Tuesday, November 03, 2015 | Labels: , , , , , |

Kimbap which literally means rice in seaweed (bap means rice while kim/ gim means seaweed), is one of my favourite Asian snacks which I should mention is also very easy to put together and very portable, hence it's immense popularity as picnic or lunchbox food.  Although there are some usual ingredients you may find in a kimbap, like omelette strip and the vibrant yellow pickle (danmuji), you can really tailor-make the ingredients in these rolls according to what you fancy.  For today, I made a tuna and a kimchi version where I used canned tuna flakes with omelette strips, softened carrots, cucumber and just replaced the tuna with some chopped up cabbage kimchi in the other version.  You can also add minced beef stir-fried in some soy and sesame oil or fishcakes so really, making kimbap is like a playground for your culinary creativity.
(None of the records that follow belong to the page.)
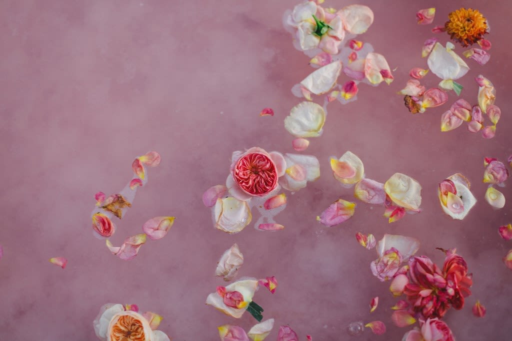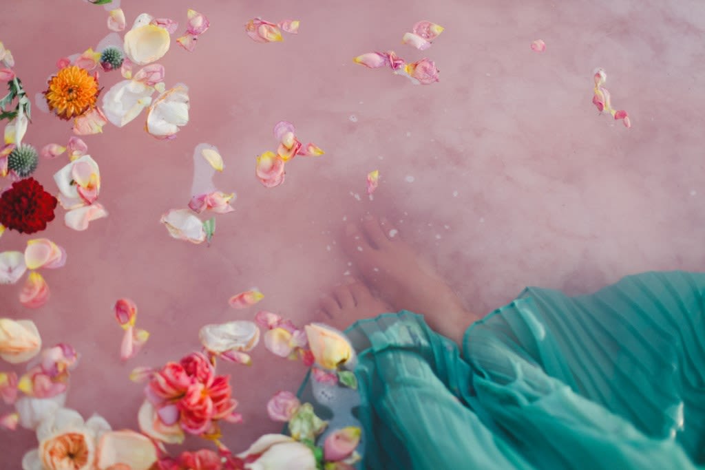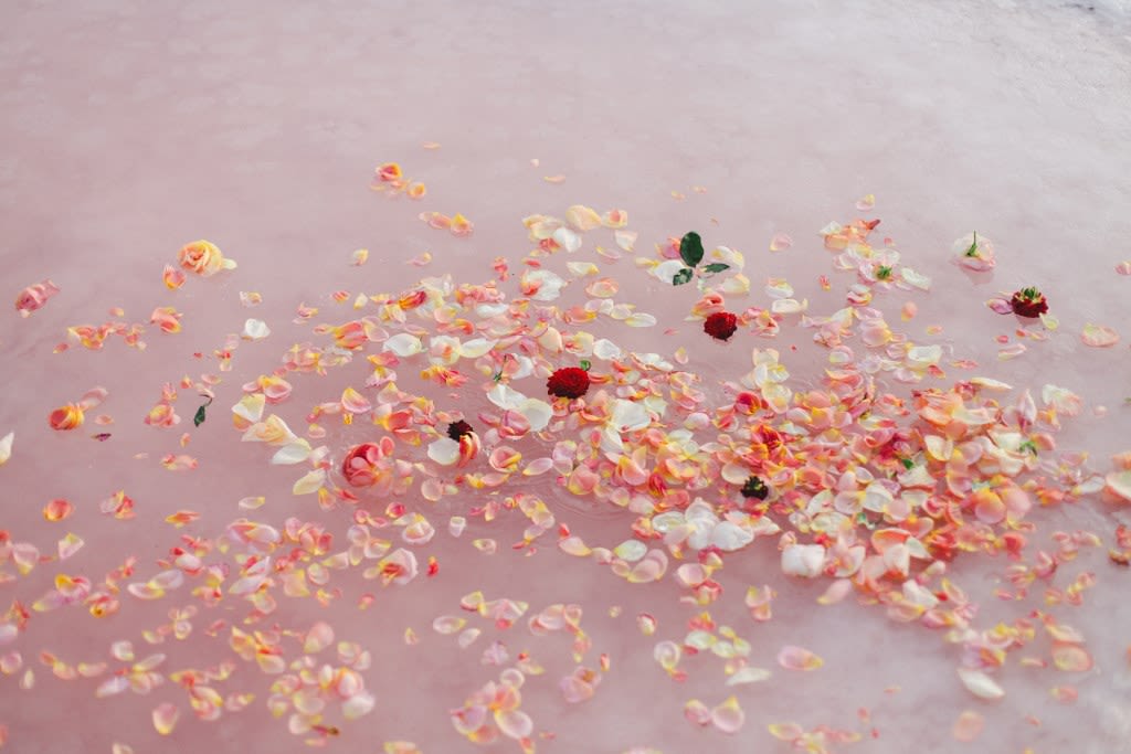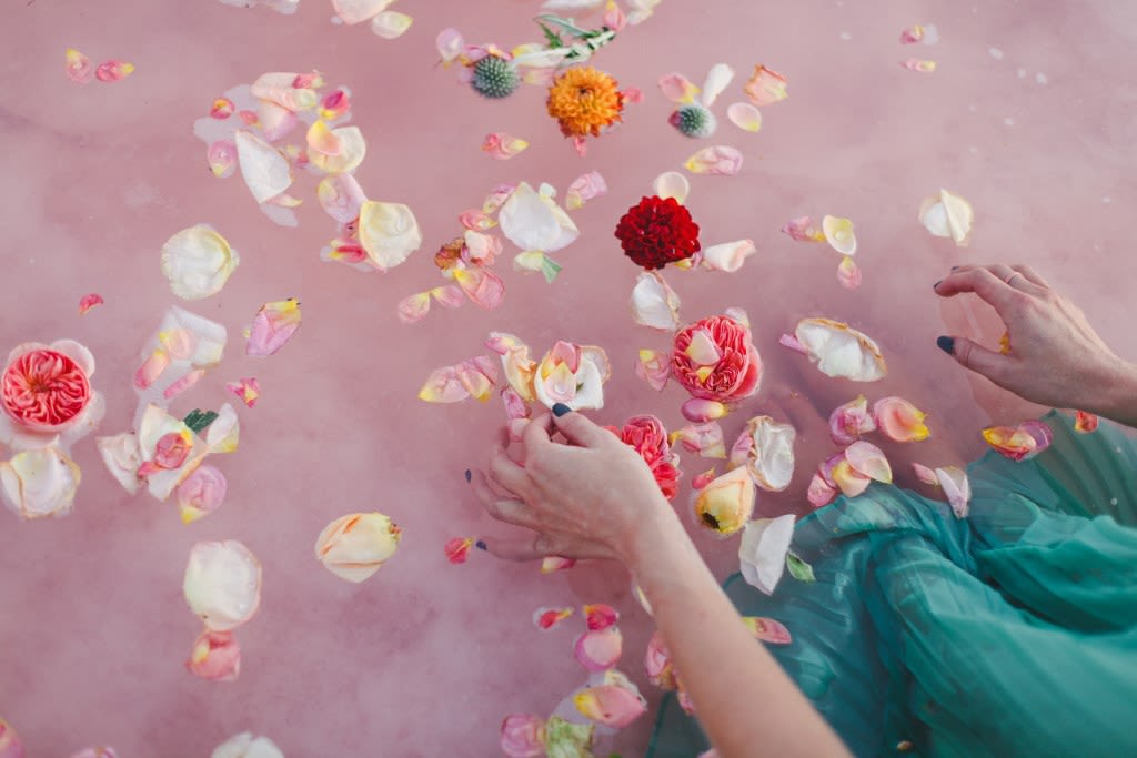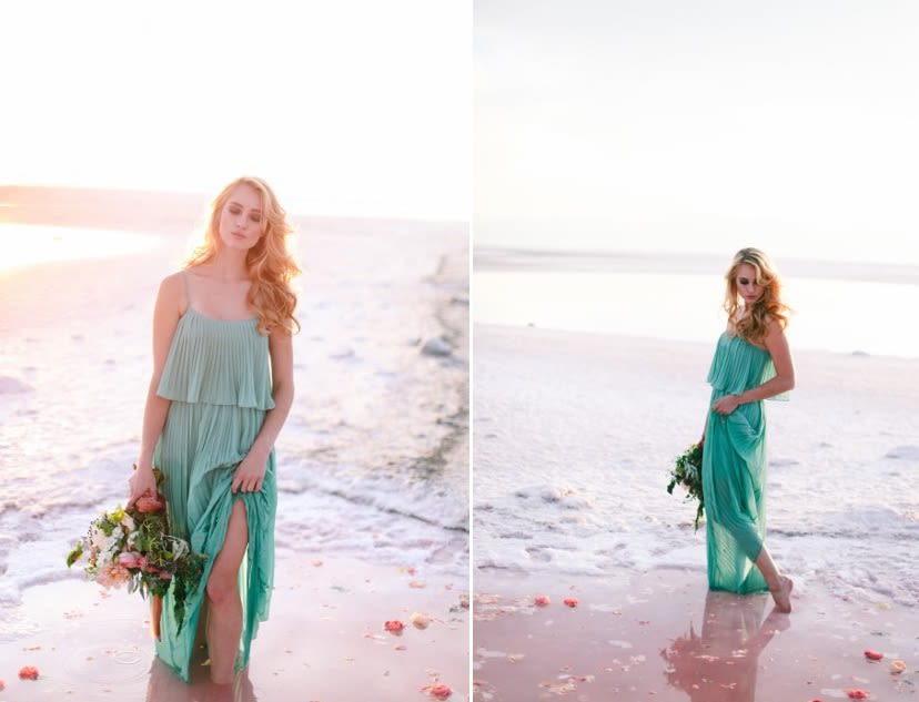 Inspired by the bizarre yet beautiful landscape of the Great Salt Lake and the dusty pink hue of the area's salted earth, this Rose Waters x Pink Salt inspiration shoot is dramatic, romantic, and otherworldly. Today, enjoy part II, featuring scattered rose petals, salt crystals, candy-colored waters, and a drenched seafoam-green wedding dress.
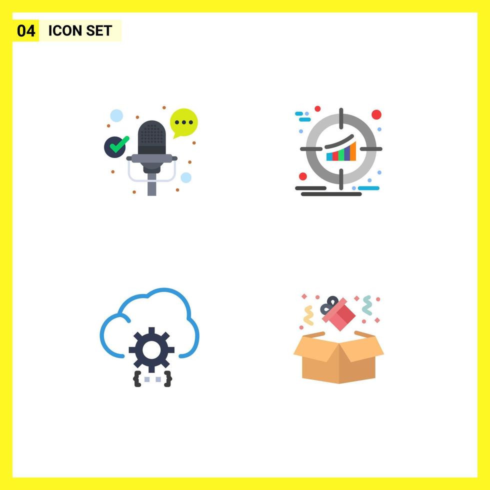Group of 4 Modern Flat Icons Set for microphone coding target product development Editable Vector Design Elements Free Vector
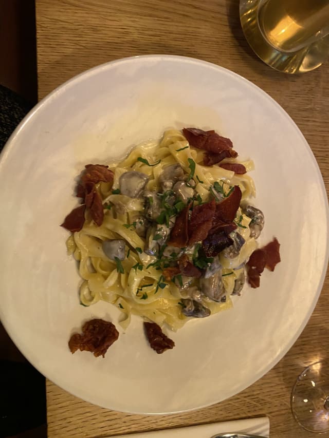 8/10I had the mushroom and truffle ravioli with Parmesan... it was delicious! The portion size was generous, and the setting is lovely. The staff is very helpful and attentive. Make sure to book a reservation before you go!
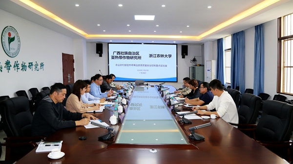 11月25日,公司经理崔霞,副经理孙学鹏,基地和平台建设负责人等一行4人赴广西热作所调研,推进农业农村部亚热带果品蔬菜质量安全控制重点实验室共建工作。广西热作所所长陈赶林、副所长覃剑峰及相关部门负责人参加交流。

The main differences with sushi just in case you were wondering is that much less rice vinegar is used to dress the rice, the ingredients are cooked and sesame oil is added to kimbap which is definitely absent from its' Japanese 'look-a-like'.  To me, kimbap is heartier and is also easier to eat as a dipping sauce is not needed whereas sushi usually has more delicate flavours that are highlighted with the requisite dipping sauce.  I do hope you will give these a try and really, kimbap is not 'Korean sushi'! :O.


I tried making these again and used light soy sauce from Yuen Chun - slightly deeper flavours but I found it acceptable and in fact tastier (at least to us).  This post is part of my Yuen Chun Recipes, an going project on this blog.

Makes 6 rolls


6 pieces of seaweed (nori/ laver/ gim/ kim)
3 cups cooked short-grain rice
1 carrot, cut into long strips (stir-fried with a bit of salt)
1 cucumber, cut into long strips
2 eggs, beaten
1/4 cup of kimchi, chopped
3 tbsps plain tuna flakes, mixed with about 1/2 tsp light soy sauce (I used Yuen Chun's)

Dressing for rice:

1/2 tsp sugar
1 tsp light soy sauce
1/2 tsp sesame oil
1 tbsp sesame seeds
1 tbsp rice vinegar



Firstly, prepare the rice by cooking in rice cooker as how you usually cook rice.  Once cooked, remove from cooker and allow to cool for about 20 minutes.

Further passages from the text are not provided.